Заканчивая о грустном, напомню о том, что сенат настроен против тебя и настроен решительно. Это тоже правда, пусть и горькая. Все попытки сенаторов Аррия Антонина, Анния Вера и Клавдия Максима Барбара, а также других трезвомыслящих мужей, втолковать отцам — сенаторам, что поход на восток может оказаться неподъемным бременем для государства, что недоимки по налогам с провинциальных городов перевалили за миллиард сестерциев и нет никакой надежды на то, что в будущем должники расплатятся с казной, остаются безрезультатными. В провинциях резко увеличилось количество непредусмотренных договорами, принудительных платежей в пользу воюющей армии. К подобным «разовым», «подтверждающим любовь народа к императору» инициативам, приложил руку не кто иной, как вольноотпущенник императора Ликорма.
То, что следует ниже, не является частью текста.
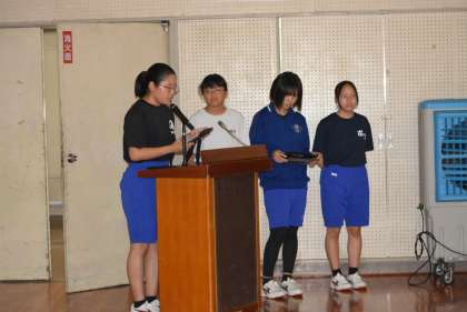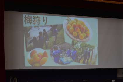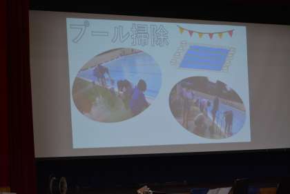 校内の清掃活動、体育祭で使用したペグづくり、若草苑での奉仕活動、梅の実収穫、プール清掃、蔵書点検など、みんなのためになることをいろいろ行ってきました。その内容を、「春の活動」「夏の活動」というように季節ごとに分け、写真を見せながら紹介しました。

Эта новость тоже не из приятных, по крайней мере, ранее Ликорма в крохоборстве и алчности замечен не был.
Публий, нас не слышат, зато очень прислушиваются к громогласному и внушительному басу Нигрина, который в эти дни напоминает скорее пение сладкозвучной, бородатой сирены, чем жужжание настырного овода, постоянно жалящего власть. Нигрин хватается за любую возможность воздать хвалы нашему Одиссею, решившему достичь неизведанных индийских берегов. Сказка, Публий, порой, действует увлекающее даже на самые трезвые умы, особенно когда повествование начинает такой исполненный величия и божественной славы Гомер, как наш император, и его поддерживает хор могучих певцов, составленный из Лузия Квиета, Пальмы, Цельза и им подобных».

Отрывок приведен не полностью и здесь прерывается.